I tried removing the objective c benchmarks and fixing the swift, but there seems to be a problem with the driver utils

Linking ./.build/x86_64-unknown-linux/release/SwiftBench
swift/swift/benchmark/.build/x86_64-unknown-linux/release/DriverUtils.build/DriverUtils.swift.o(.data+0x138): error: undefined reference to '$sSo6rusageV9ru_maxrssSivpMV'
swift/swift/benchmark/.build/x86_64-unknown-linux/release/DriverUtils.build/DriverUtils.swift.o(.data+0x190): error: undefined reference to '$sSo6rusageV9ru_nivcswSivpMV'
swift/swift/benchmark/.build/x86_64-unknown-linux/release/DriverUtils.build/DriverUtils.swift.o(.data+0x1e8): error: undefined reference to '$sSo6rusageV8ru_nvcswSivpMV'
clang: error: linker command failed with exit code 1 (use -v to see invocation)

Michael_Gottesman · October 29, 2018, 6:21pm

Yea. I am fixing that now. Give me a bit. I am iterating on getting it working here:

https://github.com/apple/swift/pull/20121

Michael_Gottesman · October 29, 2018, 7:26pm

I finally got it to work. Something interesting I found:

#,TEST,SAMPLES,MIN(μs),MAX(μs),MEAN(μs),SD(μs),MEDIAN(μs)
315,FlattenListFlatMap,1,15943,15943,15943,0,15943
316,FlattenListLoop,1,3635,3635,3635,0,3635

So the perf difference may be more significant on Linux vs macOS. That being said this was in a container. So take that with a grain of Salt.

Michael_Gottesman · October 29, 2018, 8:56pm

I just got it to work/landed both it and the test. You should be able to build this against a development snapshot from swift.org so you don't need to build the compiler itself.

taylorswift · October 29, 2018, 11:00pm

here’s what i’m seeing

$ .build/release/SwiftBench FlattenListLoop FlattenListFlatMap
#,TEST,SAMPLES,MIN(μs),MAX(μs),MEAN(μs),SD(μs),MEDIAN(μs)
315,FlattenListFlatMap,1,9088,9088,9088,0,9088
316,FlattenListLoop,1,2502,2502,2502,0,2502

Total performance tests executed: 2

Ben_Cohen · October 30, 2018, 12:07am

The intermediate arrays ought to be stack allocated.

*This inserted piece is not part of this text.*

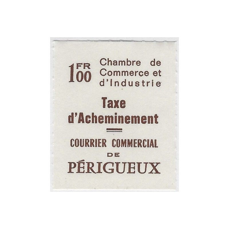 Timbre de grève émis par la Chambre de Commerce Périgueux en 1974. 1 franc brun sur blanc. Numéro Maury : 33 neuf sans gomme, superbe. Cote: 100 €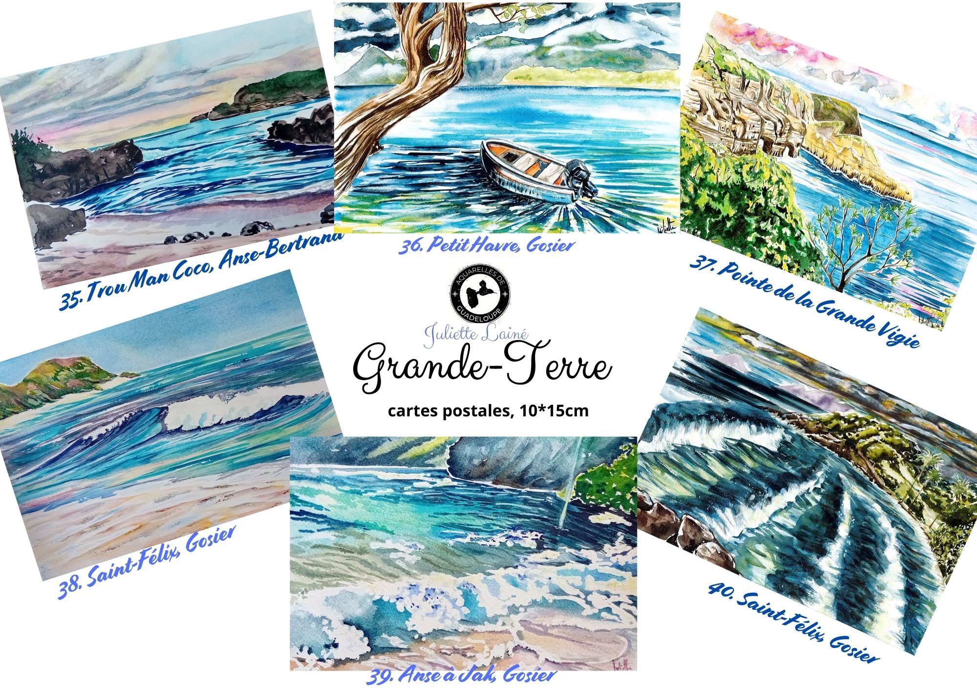 - En Guadeloupe: dans la boutique partagée "Les mondes du Poisson Lune" (Bouillante), au Parc de la Source (Bouillante), au Jardin Botanique (Deshaies), Rhum et Délices (Terre de Haut).

But I don't think it's reasonable for the compiler to take care of the array growth reallocations. Bear in mind the closure can generate any kind of sequence. For the optimizer to look at the closure, see it's producing the same length array every iteration, then use that to generate code that multiplies the length of the original collection by that fixed length, and then pre-allocate that much space in the array beforehand, is an unrealistic expectation.